2 万 Star!屡屡斩获 Kaggle 各大竞赛冠军宝座的利器

一、简介

XGBoost (eXtreme Gradient Boosting) 是“极端梯度提升”的简称,它是为满足高效、灵活和可移植性的目的而“诞生”,也被称为优化的分布式增强库。支持 Python、Scala、R、Julia、C++ 等语言。

XGBoost 所应用的算法是机器学习算法—GBDT(gradient boosting decision tree)的改进,既可以用于分类也可以用于回归问题中。

XGBoost 提供了一种并行树增强(也被称为GBDT、GBM),可以快速准确地解决许多数据科学问题。相同的代码可以运行在目前主流的分布式环境(Kubernetes、Hadoop、SGE、MPI、Dask),并且可以解决超过数十亿个样例计算的问题。

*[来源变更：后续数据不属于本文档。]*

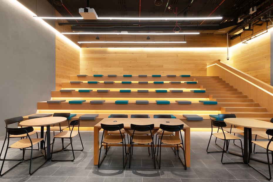 Set to serve roughly 4,000 students, the new campus features collaborative lecture theatres, pod rooms designed to offer group-based learning, as well as seminar rooms which have been designed as flexible spaces.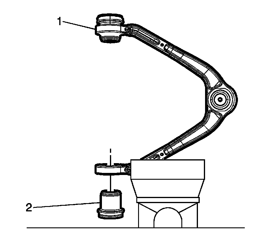 1. Using the hydraulic press, install the upper control arm bushings (1).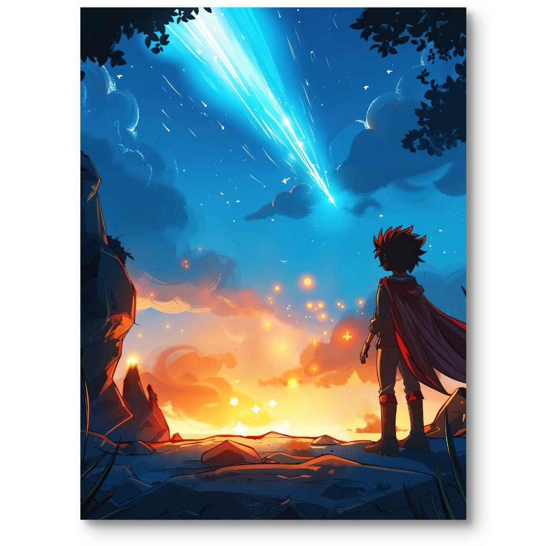 Plakat ukazuje niezwykłą, nocną scenę, w której młody chłopiec z zachwytem obserwuje spadającą gwiazdę. Baśniowe otoczenie, rozświetlone tysiącem iskier i osadzone pomiędzy tajemniczymi skałami, przenosi wyobraźnię do magicznego świata, gdzie wszystko jest możliwe. Ta ilustracja nie tylko zaprasza do snucia marzeń, lecz także inspiruje do poszukiwania nowych przygód i odkrywania nieznanych lądów.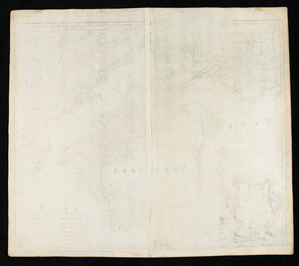bulino e acquaforte, 53,5 x 61 cm. Mappa d'Italia divisa nei stati, da Guillaume de l'Isle. Bella, fresca impressione su due fogli di carta vergata con filigrana uniti. Consueta piega centrale. Bordo inferiore rinforzato al verso. Carta leggermente ossidata. Bella coloritura coeva.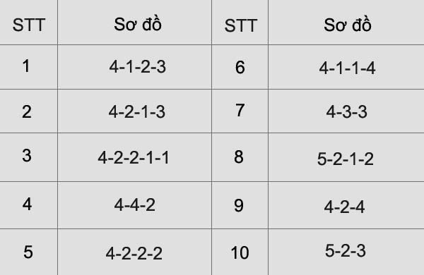 - 4-1-2-1-2 và 4-1-1-1-3 đã tuột khỏi top 10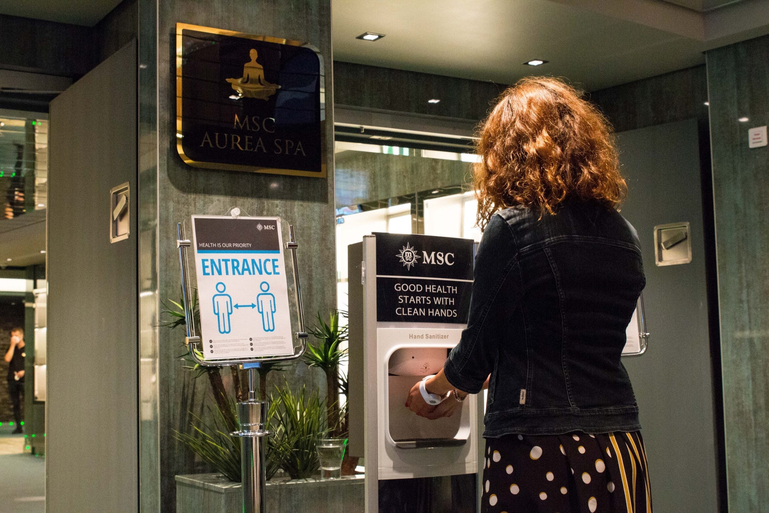 A new sanitation station on the MSC Cruises ship MSC Grandiosa. The ship resumed sailing in Europe in August. (Photo courtesy of MSC Cruises)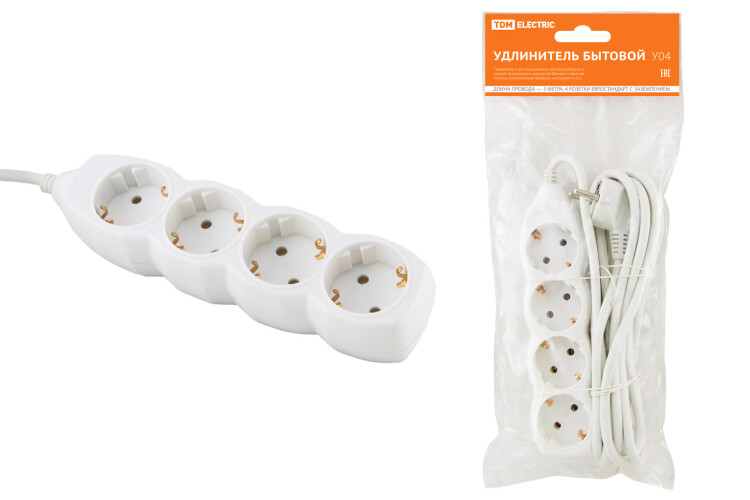 Удлинитель бытовой У04 4 гнезда, 3метра, с заземлением, ПВС 3х1мм2 16А/250В TDM (кр.1шт)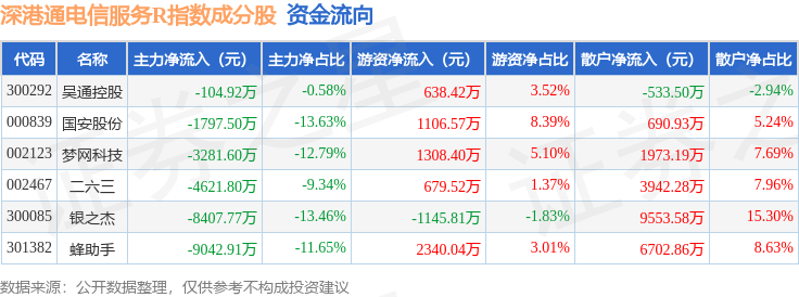 资金流向方面,深港通电信服务R(483057)指数成份股当日主力资金净流出合计2.73亿元,游资资金净流入合计4927.15万元,散户资金净流入合计2.23亿元。成份股资金流向详情见下表:
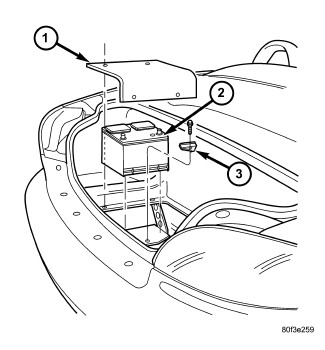 The battery is placed in a stamped metal tray located in the trunk. The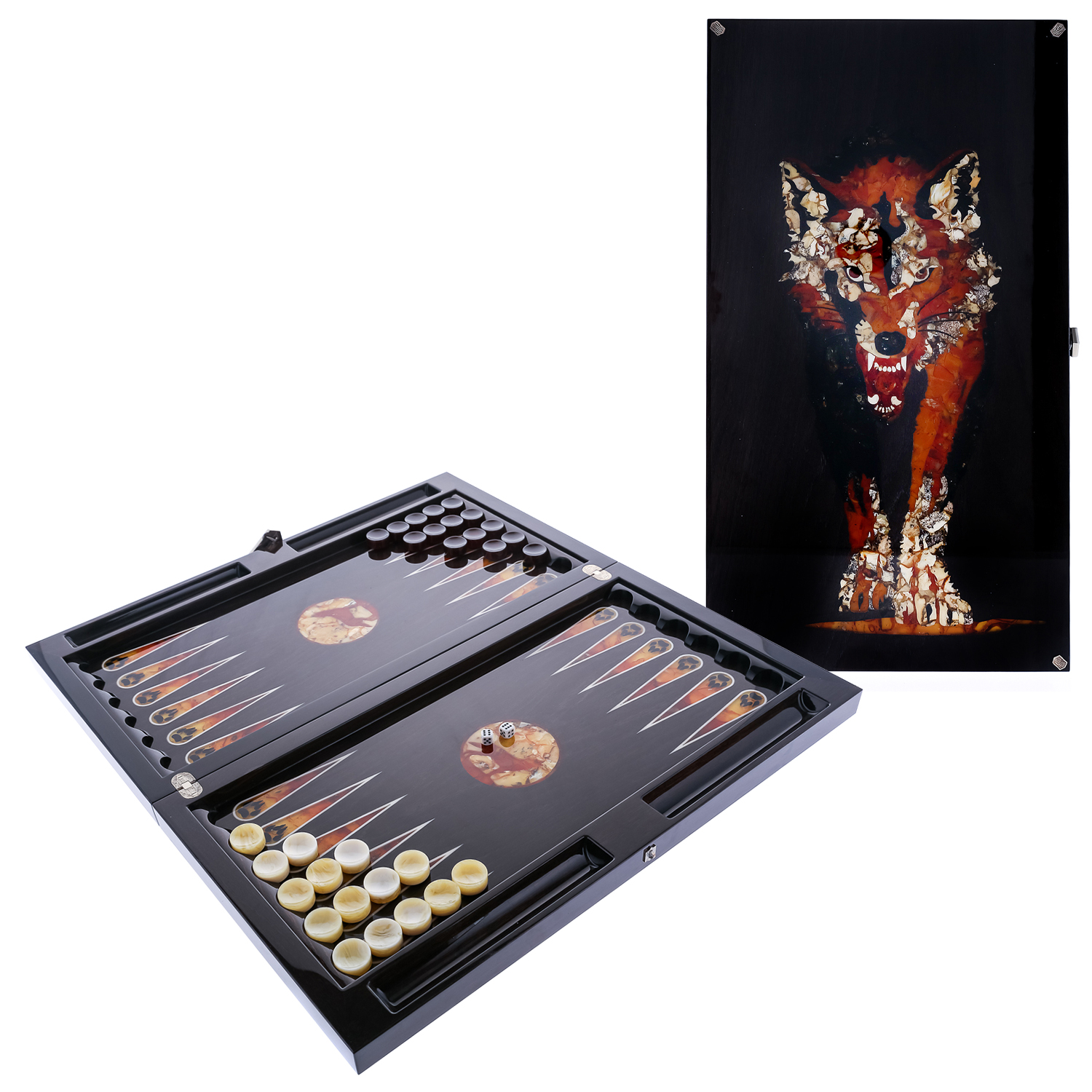 Янтарные нарды "Волк" 60х64 см
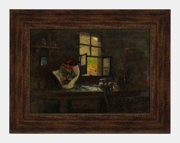 Vue d'intérieur, huile sur toile, signée, 32x45 cm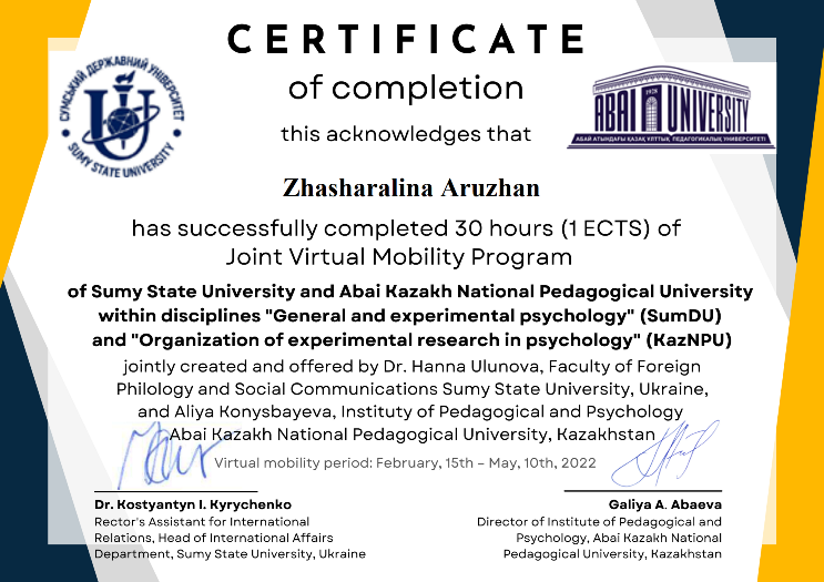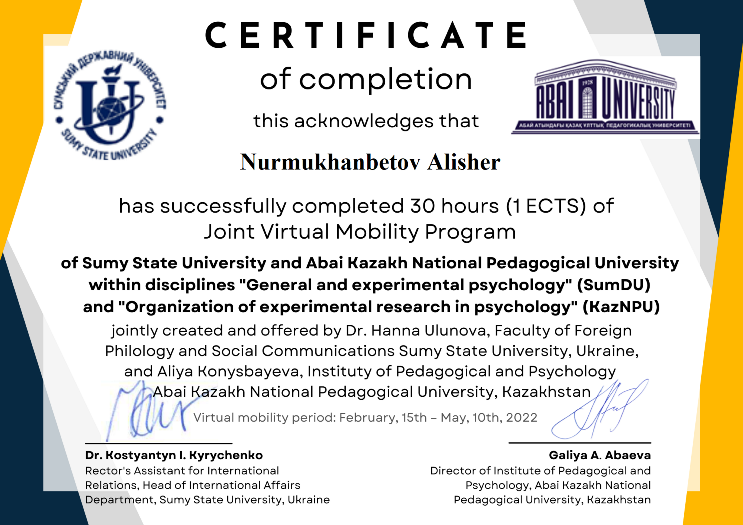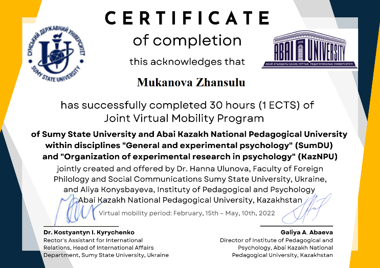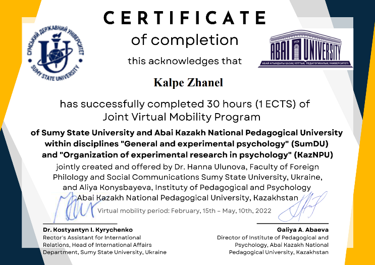 Программа виртуальной мобильности Факультета иностранной филологии и социальных коммуникаций Сумского государственного университета и Института педагогики и психологии КазНПУ им. Абая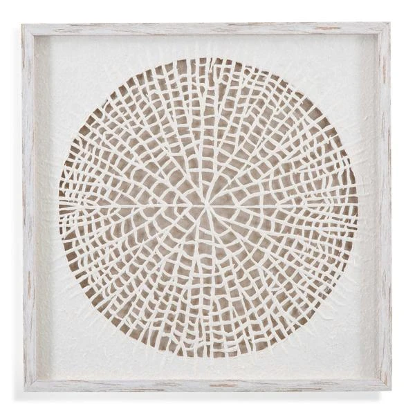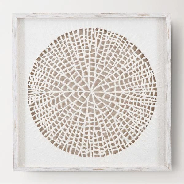 Our Portola Wall Decor is a shadow box accentuated with a light tan silk-like mat and a spiral woven design of white rice paper with a white washed molding. This piece of art is hand painted by a skilled artist lending itself to a unique technique and will vary slightly.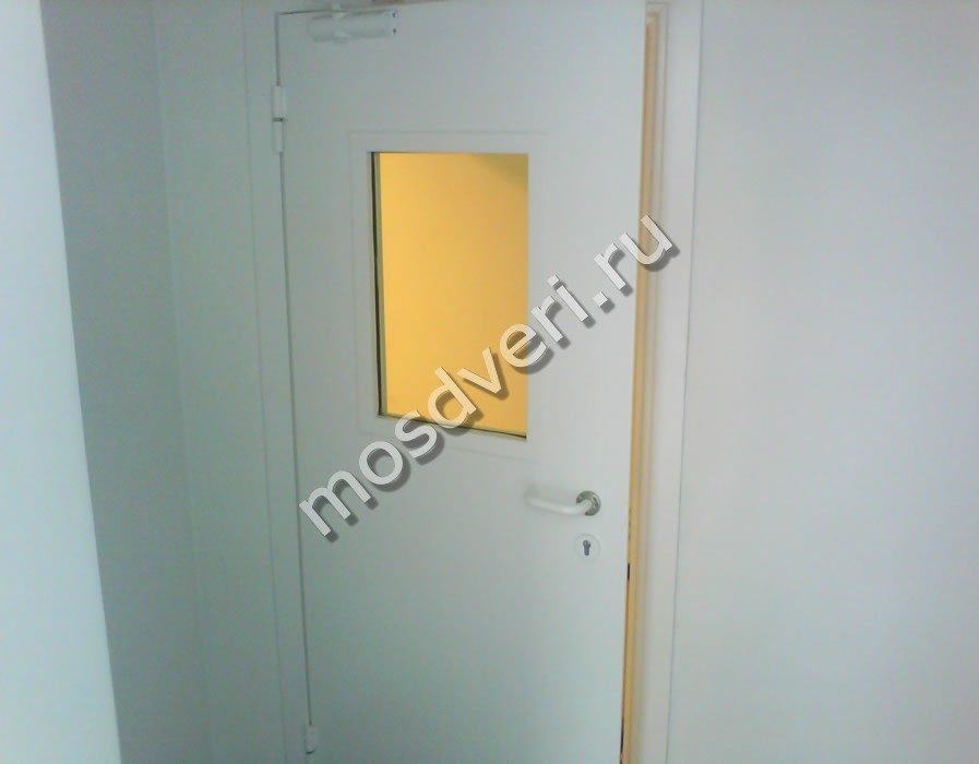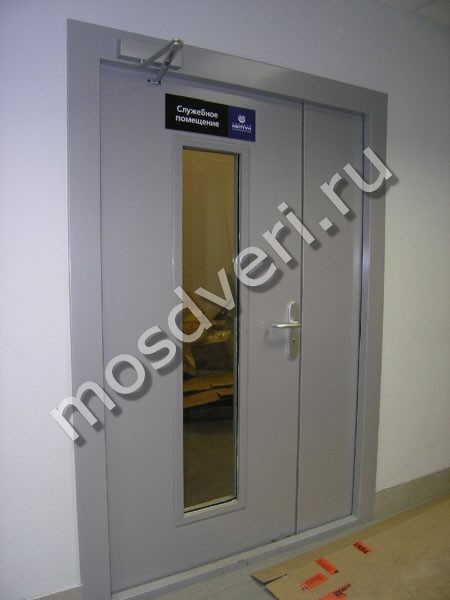 - Специальная конструкция. Чаще всего такие модели имеют полуторную или двустворчатую конструкцию – для облегчения эвакуации из помещения. Кроме того, рекомендуется оснащать их полотно вставкой из огнеупорного стекла, чтобы в случае опасности можно было наглядно оценить сложившуюся в помещении ситуацию.

XGBoost 可以处理回归、分类和排序等多种任务。由于它在预测性能上的强大且训练速度快,XGBoost 已屡屡斩获 Kaggle 各大竞赛的冠军宝座。

二、开源主页

XGBoost 在 GitHub 已获得 20.4 k Star。

https://github.com/dmlc/xgboost

三、安装和使用案例

3.1、下载(windows10 64位,python 3.7.3)

打开cmd命令模式,输入 pip install xgboost

但网络需要架梯子(不知道是不是我的网不好),我不架梯子会因网络问题出现以下报错:

架梯子后,虽然速度慢了点,但能成功安装。

2、如果没有梯子,可以从这个网址( https://www. lfd.uci.edu/~gohlke/pyt honlibs/#xgboost ) ,找到与自己 Python 版本

xgboost

然后重新执行 pip install xgboost-0.90-cp37-cp37m-win_amd64.whl 可以安装成功

3.2、使用示例

在这个例子中,将使用墨尔本房屋数据集进行简单的测试使用——预测房价。

数据集下载方式:请关注微信公号 开源前哨 ,然后发送 xgboost 即可获取。

在使用这数据之前,需要对三种常见的数值问题进行处理。

1、缺失值的处理(通常处理方法是直接删除缺少值的列或利用该列均值填充);

2、异常值的处理;

3、重复值的处理等;

在这里我们不会关注数据的处理加载步骤(请自行学习),假设已经拥有(我处理过了)了X_train(样本训练集)、X_valid(样本验证集)、y_train(标签训练集)和y_valid(标签验证集)的训练和验证数据。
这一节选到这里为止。